As you can see, without the grip department, the director of photography would be left to only work with available lighting and handheld camera movements. This may be okay for Dogme 95 rules, but for the vast majority of filmmakers, these limitations severely hinder the artistic process. Grips must control the creations of man and nature to perfectly paint the image on camera.

In order to be a great grip, you must have brains and brawn. They are creative problem solvers at their finest. The average person may look at a pile of clamps, rope, and fabric and see only the leftovers of a yard sale, but to a grip, these items are essential for the job. A solid grip rig is a combination of a child’s erector set and a sixteenth-century galleon. Light stands, rails, frames, and clamps make up the structural support of the rig. Blocking out a light is easy but blocking out a light so that the camera’s wide shot doesn’t see the structure you’ve created is another story. Railing is often used for arms to go up and over the camera’s image so that the audience never gets to see how the sausage is made. Various fabrics are used to control the lighting as well. Thick black duvetyne is the go-to when stopping the rays of the sun or isolating the light from artificial sources. Various degrees of thin white fabric are also used to soften the light. The challenge is taking these tools and adapting to the location limitations. Sometimes you’re in a castle on top of mountain in Albania and the only rigging option is to utilize a giant steel arch standing over a ceremonial altar. Sometimes you don’t have a scissor lift or a cherry picker truck. Sometimes you just have to start climbing and bring the light up with a rope pulley. On Castle Freak, our grip and lighting team did exactly that. Impressive is an understatement.

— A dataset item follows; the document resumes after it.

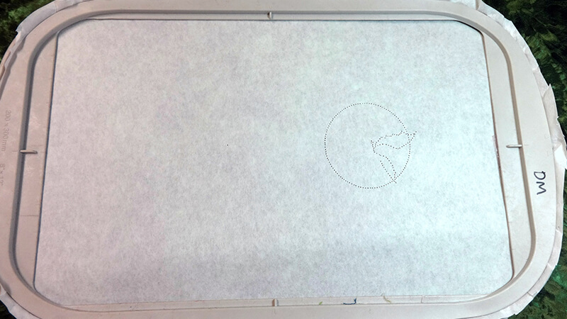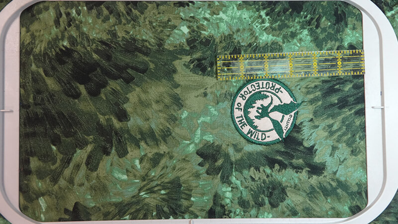 - Position the PTD04 - Protector of the Wild design centered 4” from inside top of hoop.

After the lights are set, the camera movements come into play. Tripods, dollies, jibs, cranes, car mounts, motorcycle mounts, or whatever they used to strap a 35mm camera onto a bobsled for Cool Runnings are all used to give the camera a little or a lot of action to fuel the scene. Not only are these rigs used to ensure the safety of the camera but also the safety of the cast and crew. The last thing you need is a camera flying off a crane because someone forgot righty tighty, lefty loosey. Because of this, grips also act as on set safety experts. If a light is unbalanced grips will use sandbags to stabilize it. If that’s doesn’t work, grips will also utilize rope again for tie offs. And if that still isn’t enough, a grip will even dedicate themselves to holding and stabilizing the light – this is affectionately referred to as a “bloodbag.” On larger productions with larger grip and electric departments, grips are able to specialize. On these larger crews you will typically see:

  • Key Grip: the department head
  • Best Boy: the Key’s right hand and typically in charge of crew booking and equipment rentals, as well as keeping track of the equipment during production.
  • Company Grip: these are general grips who work under the guidance of the key for rigging and camera movements
  • Construction Grip: works alongside art department to remove, modify, and adjust portions of the set to facilitate camera and light moves.
  • Dolly Grip: in charge of operating the dolly and the occasional crane.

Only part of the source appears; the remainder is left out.